More EU in Europe vs More EU in NATO: The Dilemma of EU–NATO Defence Cooperation
Disclaimer:
This article was first published in Un cambio de época: América del Norte y la intervención rusa en Ucrania. Geopolítica y nuevas dinámicas de la globalización.
Abstract
This paper examines the evolving dilemma of European defence integration through the prism of the debate between “more EU in Europe” and “more EU in NATO.” It analyzes the structural, political, and strategic tensions shaping EU–NATO defence cooperation in the context of renewed great-power competition and Russia’s war against Ukraine. The study situates the discussion within broader debates on European strategic autonomy, transatlantic burden-sharing, and institutional duplication, assessing whether deeper EU defence integration strengthens or fragments the Euro-Atlantic security architecture. By exploring initiatives such as PESCO, the European Defence Fund, and the EU Strategic Compass alongside NATO’s force posture adaptation and enlargement dynamics, the paper evaluates the degree of complementarity and competition between the two organizations.
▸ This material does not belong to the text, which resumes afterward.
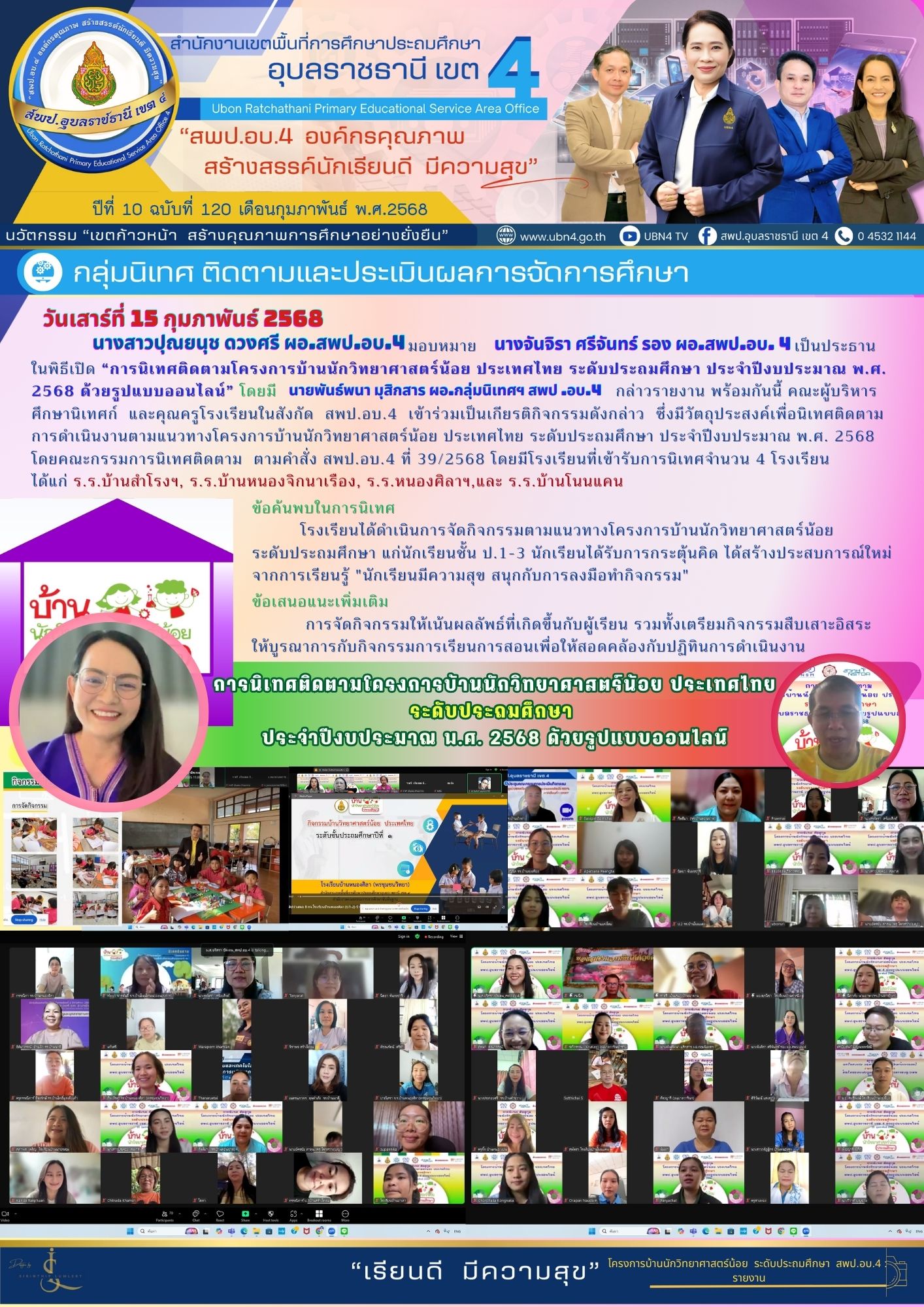 พิธีเปิด“การนิเทศติดตามโครงการบ้านนักวิทยาศาสตร์น้อย ประเทศไทย ระดับประถมศึกษา ประจำปีงบประมาณ พ.ศ. 2568 ด้วยรูปแบบออนไลน์" ภารกิจ นางจันจิรา ศรีจันทร์ ก่อนหน้า ต่อไป

The analysis argues that the core challenge is not a binary institutional choice but the management of functional interdependence between the EU and NATO. While greater EU defence capabilities may enhance European resilience and contribute to fairer burden-sharing within NATO, misaligned political visions, capability gaps, and strategic divergences risk reinforcing fragmentation. The paper concludes that sustainable European security requires calibrated integration: strengthening EU defence instruments while anchoring them firmly within NATO’s collective defence framework. The future of Euro-Atlantic security will depend on whether policymakers can reconcile ambitions for European autonomy with the enduring strategic centrality of NATO.